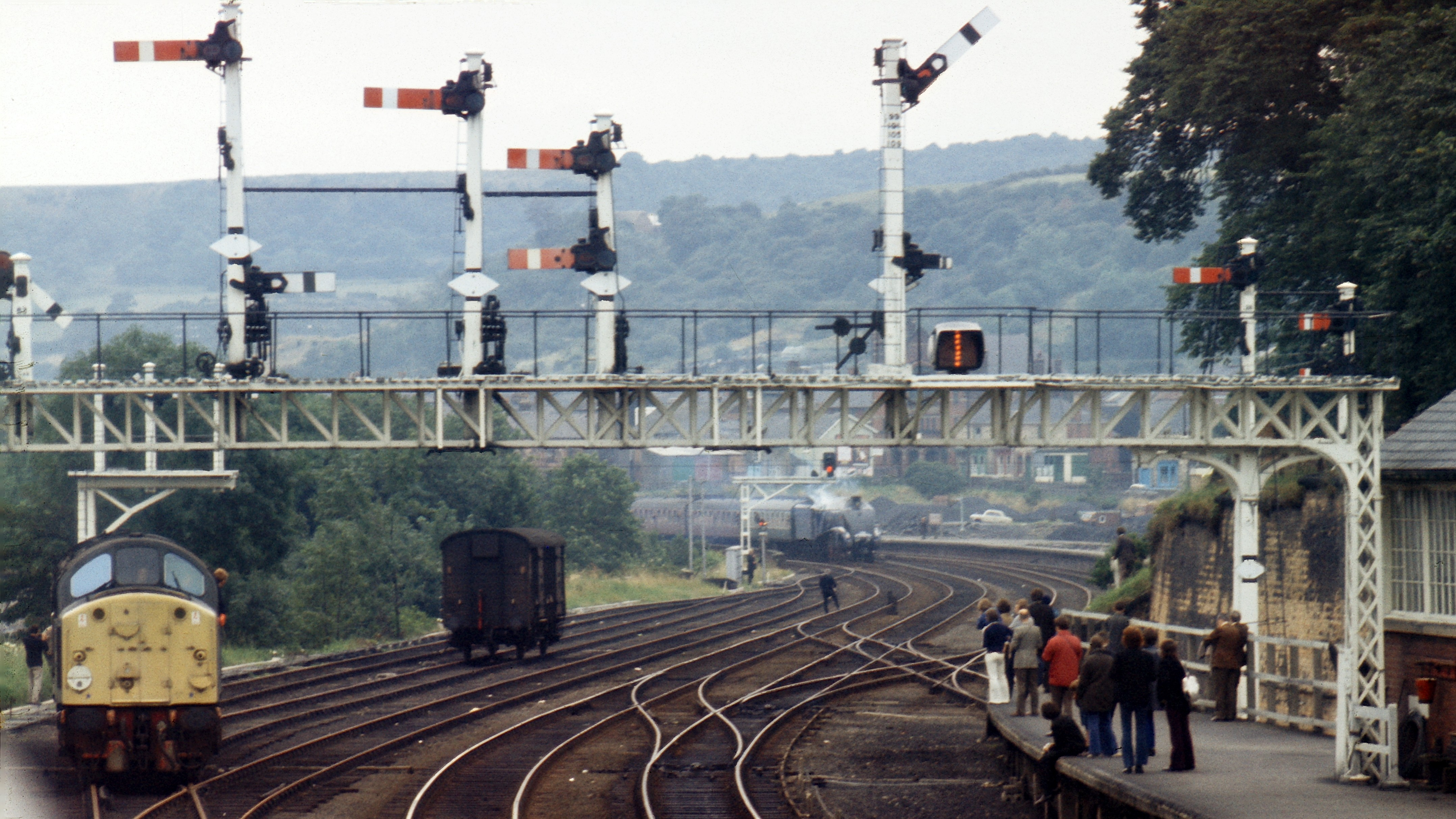 Signal gantry on the approach to Scarborough Railway Station The photograph, which was taken from the road bridge that connects Westwood with Belgrave Terrace, is of the signal gantry on the approach to Scarborough Railway Station (behind the viewpoint). The photograph was taken from the road bridge that connects Westwood with Belgrave Terrace. The small group of people on the left is at the end of the redundant Platform 1a, which used to be the depart/arrival platform for the Whitby trains. The approaching locomotive is Mallard, which was pulling a 'special' train from York. See also, 1724038. - - - The data given for the date taken is the processing date on the slide and therefore could have been taken several weeks earlier. - - - See also these photographs by: David Pickersgill (2008) : 923695 and David Rogers (2010) : 1730170.
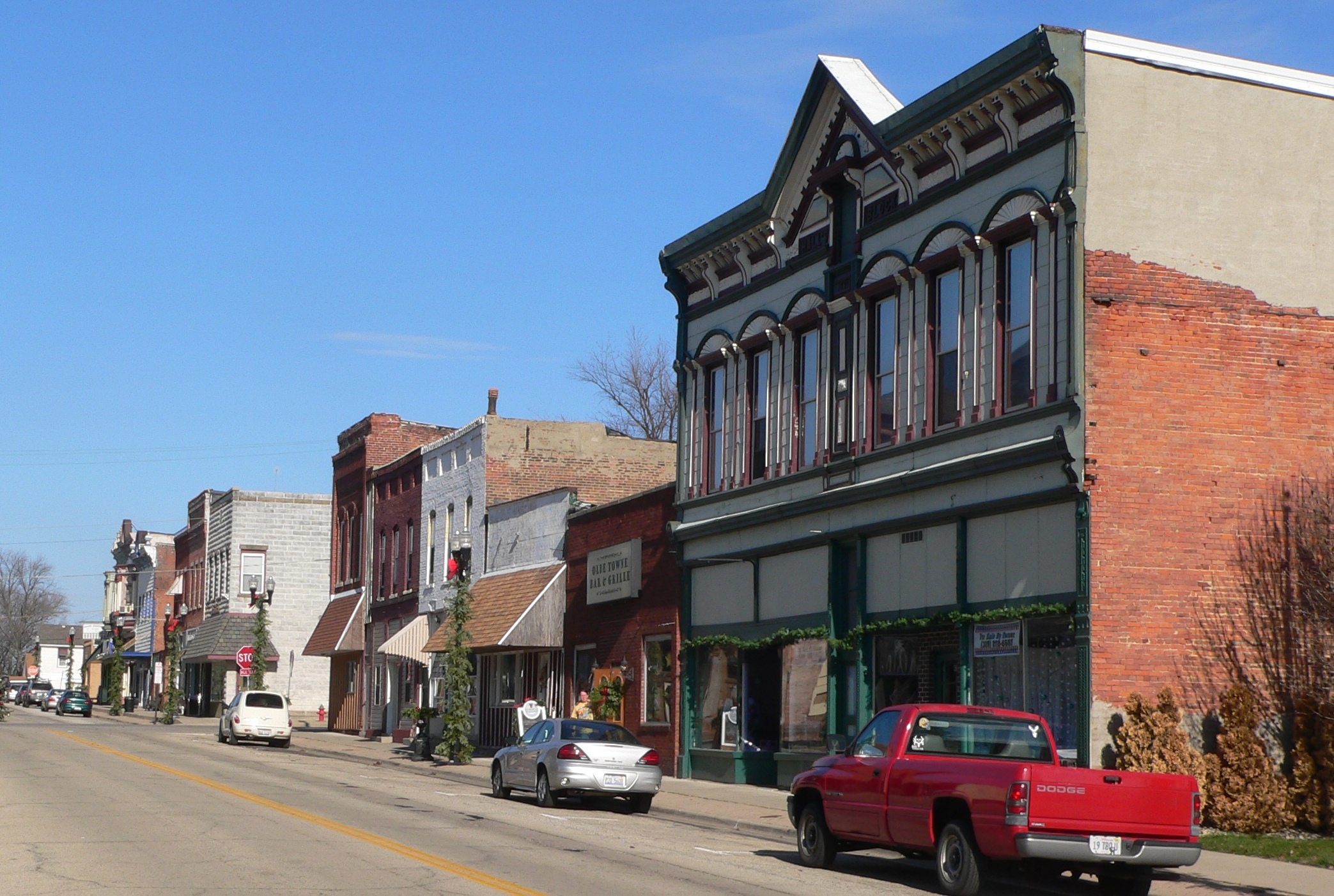 Downtown Delavan, Illinois: east side of Locust Street, looking northward.
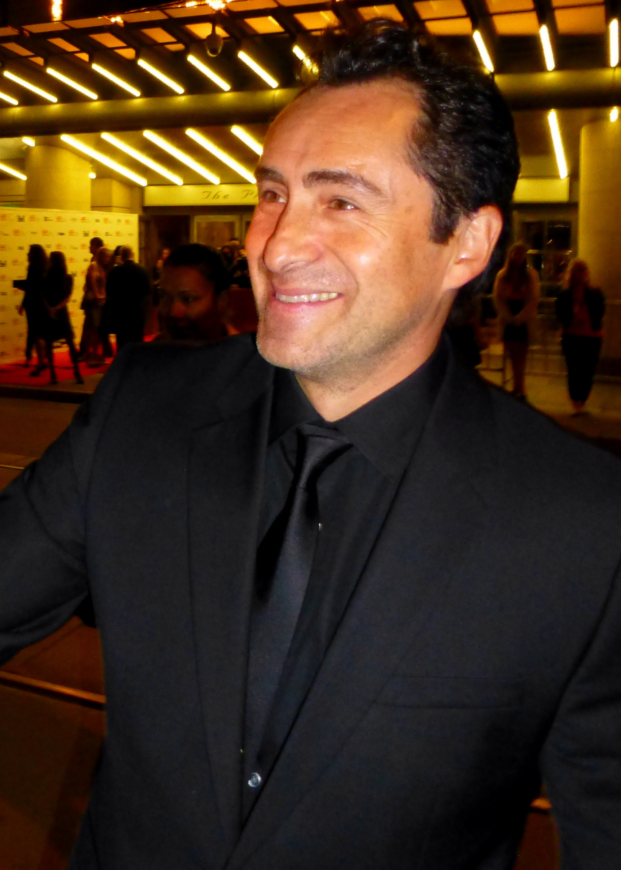 Demian Bichir at the premiere of Dom Hemingway, Toronto Film Festival 2013
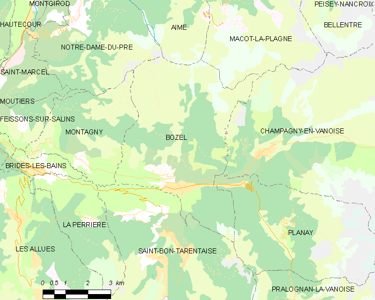 Map of French municipality
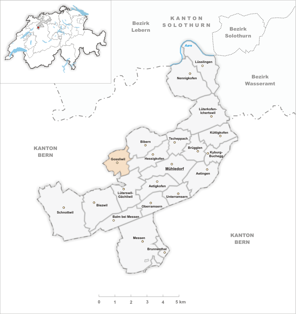 Municipality Gossliwil
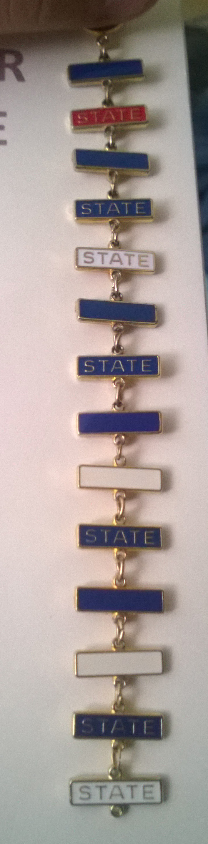 Liam Chambers' PJAS bars after his 5 years of participation in PJAS from 8th-12th grade.
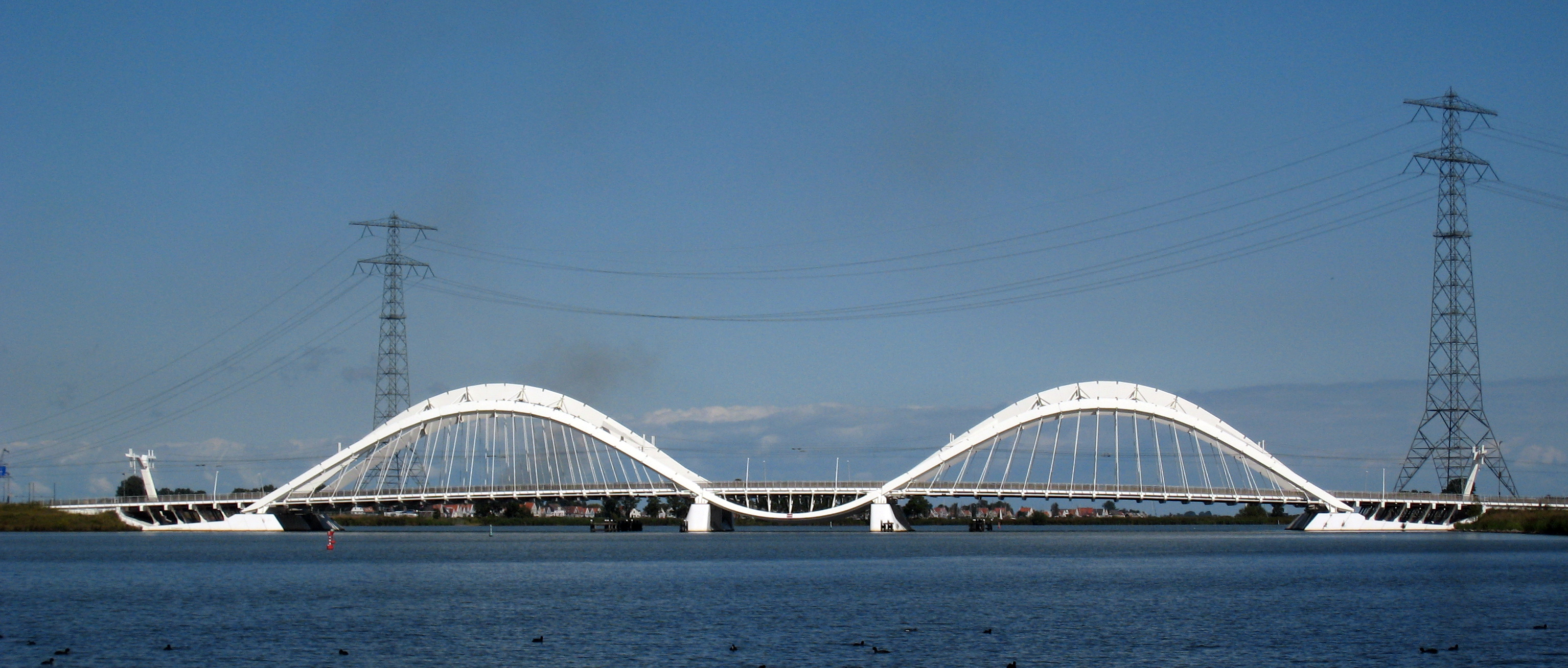 Enneus Heerma Brug (Enneus Heerma Bridge) in Amsterdam, Holland.
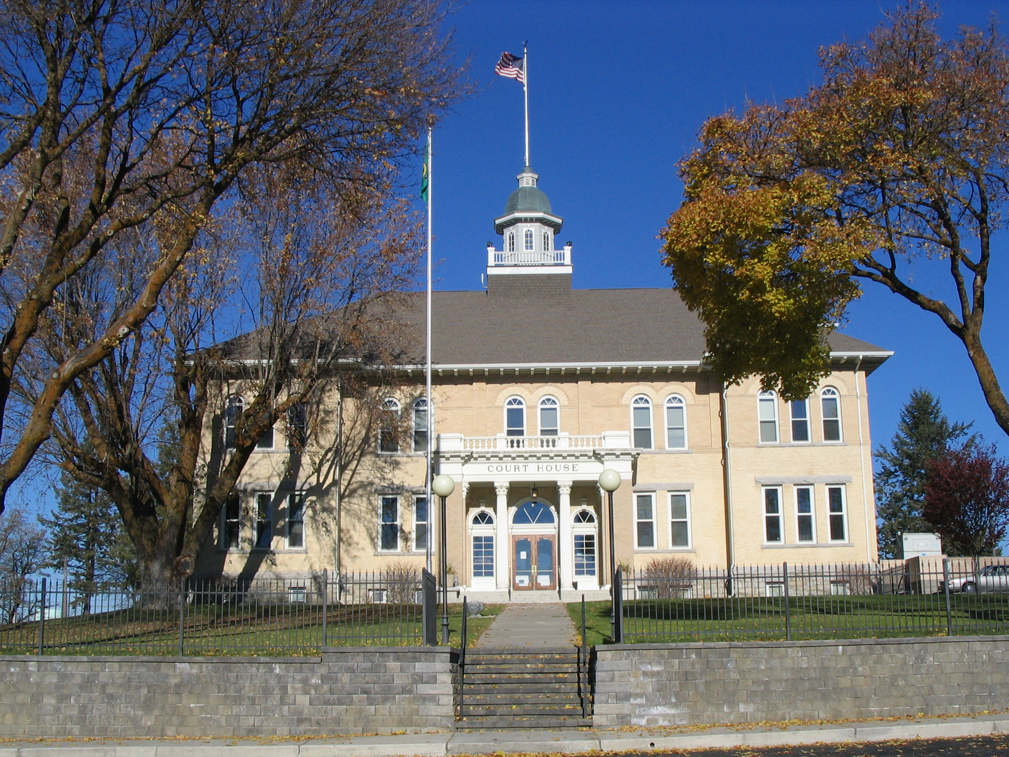 The Lincoln County Courthouse was built in Davenport in 1897 following the removal of the county seat from Sprague, which had held the seat since the county's creation in 1883. The courthouse was badly damaged by an arson fire in the late 1990s. It was rebuilt and enlarged. To accommodate more offices, the roof was raised slightly.
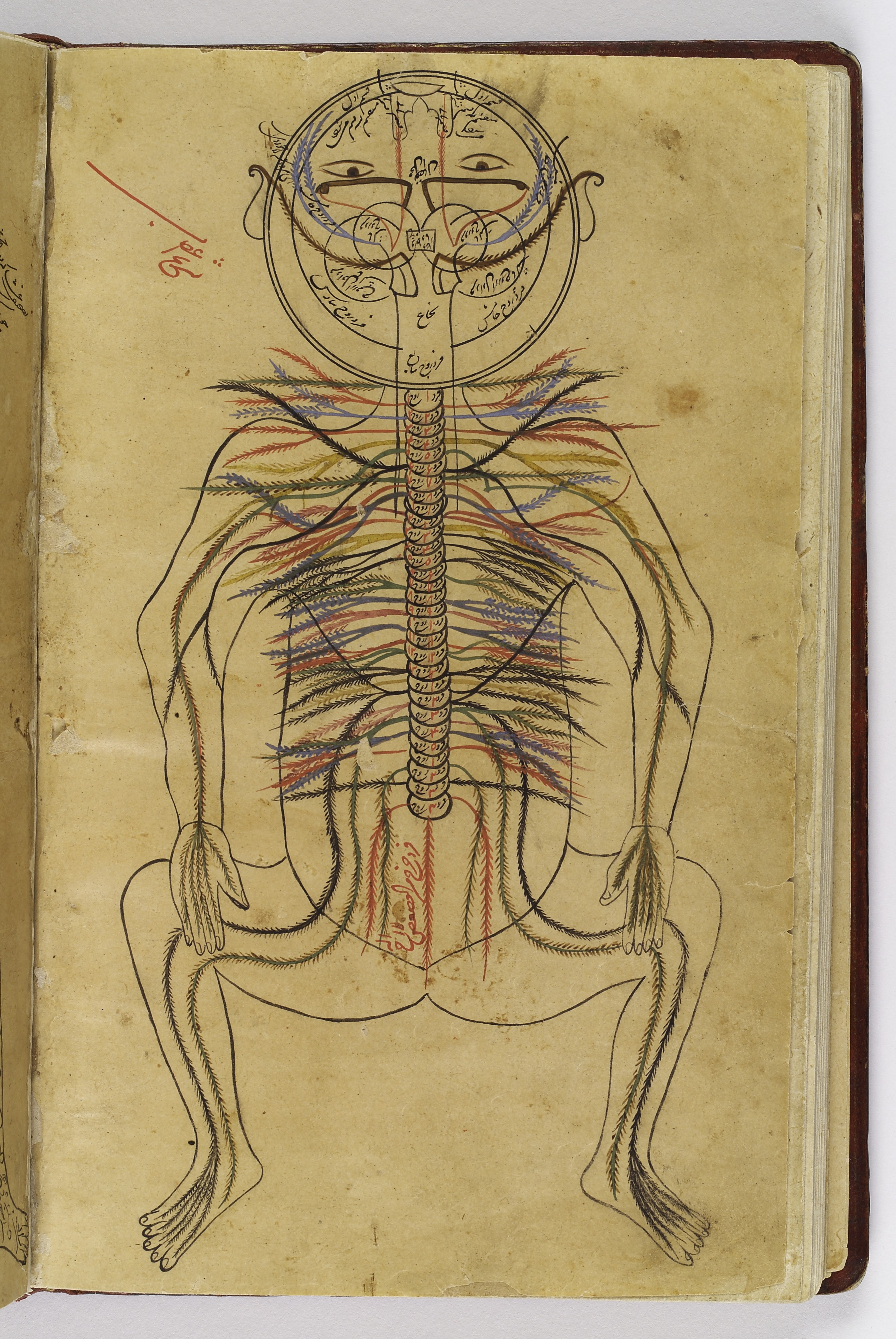 Nervous system Asian Collection Keywords: Arabic; avicenna; Islamic; ms or. 155; Persian; Medicine; Nervous System; Neurology; Anatomy; Ibn Sina (Avicenna); Middle East; Iraq; Iran

━━━━━━━━━━

Within the listing above, the lines starting at the one containing "Enneus Heerma Brug" and ending at the one containing "The Lincoln County" are to be returned exactly. Omit the pictures.

 Enneus Heerma Brug (Enneus Heerma Bridge) in Amsterdam, Holland.
 The Lincoln County Courthouse was built in Davenport in 1897 following the removal of the county seat from Sprague, which had held the seat since the county's creation in 1883. The courthouse was badly damaged by an arson fire in the late 1990s. It was rebuilt and enlarged. To accommodate more offices, the roof was raised slightly.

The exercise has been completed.